## Task goal
Retype, exactly as they appear below, the lines between the line holding "BINGPET Christmas Dog" and the line holding "Los alumnos José", both ends included.

[[ Information open ]]

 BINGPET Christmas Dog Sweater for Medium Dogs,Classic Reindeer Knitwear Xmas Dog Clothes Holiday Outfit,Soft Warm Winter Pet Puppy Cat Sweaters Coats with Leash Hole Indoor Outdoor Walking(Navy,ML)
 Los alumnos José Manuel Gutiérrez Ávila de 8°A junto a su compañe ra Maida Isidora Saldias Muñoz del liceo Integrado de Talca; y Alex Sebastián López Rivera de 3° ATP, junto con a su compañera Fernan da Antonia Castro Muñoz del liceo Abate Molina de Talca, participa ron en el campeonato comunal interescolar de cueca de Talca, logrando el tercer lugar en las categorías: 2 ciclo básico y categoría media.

[[ Information closed ]]
[[ Information open ]]

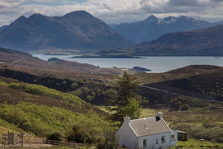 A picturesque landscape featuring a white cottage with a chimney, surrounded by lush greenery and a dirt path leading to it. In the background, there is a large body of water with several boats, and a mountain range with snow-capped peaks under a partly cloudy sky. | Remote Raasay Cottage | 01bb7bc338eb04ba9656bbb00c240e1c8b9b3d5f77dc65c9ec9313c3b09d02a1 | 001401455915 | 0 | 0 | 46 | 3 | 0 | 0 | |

[[ Information closed ]]
[[ Information open ]]

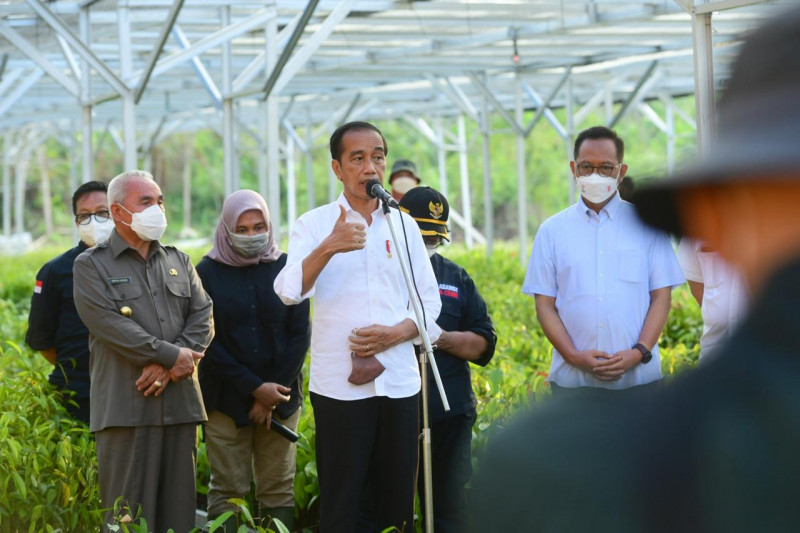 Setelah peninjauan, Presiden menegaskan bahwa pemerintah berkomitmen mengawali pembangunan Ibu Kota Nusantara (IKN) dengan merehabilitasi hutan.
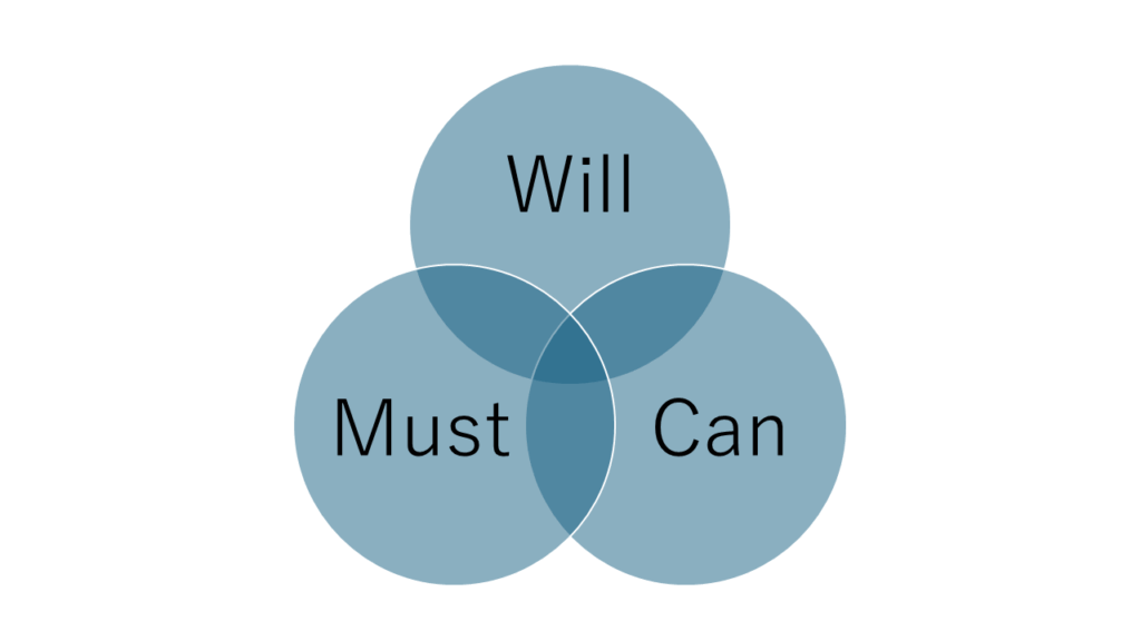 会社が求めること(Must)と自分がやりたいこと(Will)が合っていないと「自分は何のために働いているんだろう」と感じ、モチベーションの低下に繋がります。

[[ Information closed ]]

## Your response
 BINGPET Christmas Dog Sweater for Medium Dogs,Classic Reindeer Knitwear Xmas Dog Clothes Holiday Outfit,Soft Warm Winter Pet Puppy Cat Sweaters Coats with Leash Hole Indoor Outdoor Walking(Navy,ML)
 Los alumnos José Manuel Gutiérrez Ávila de 8°A junto a su compañe ra Maida Isidora Saldias Muñoz del liceo Integrado de Talca; y Alex Sebastián López Rivera de 3° ATP, junto con a su compañera Fernan da Antonia Castro Muñoz del liceo Abate Molina de Talca, participa ron en el campeonato comunal interescolar de cueca de Talca, logrando el tercer lugar en las categorías: 2 ciclo básico y categoría media.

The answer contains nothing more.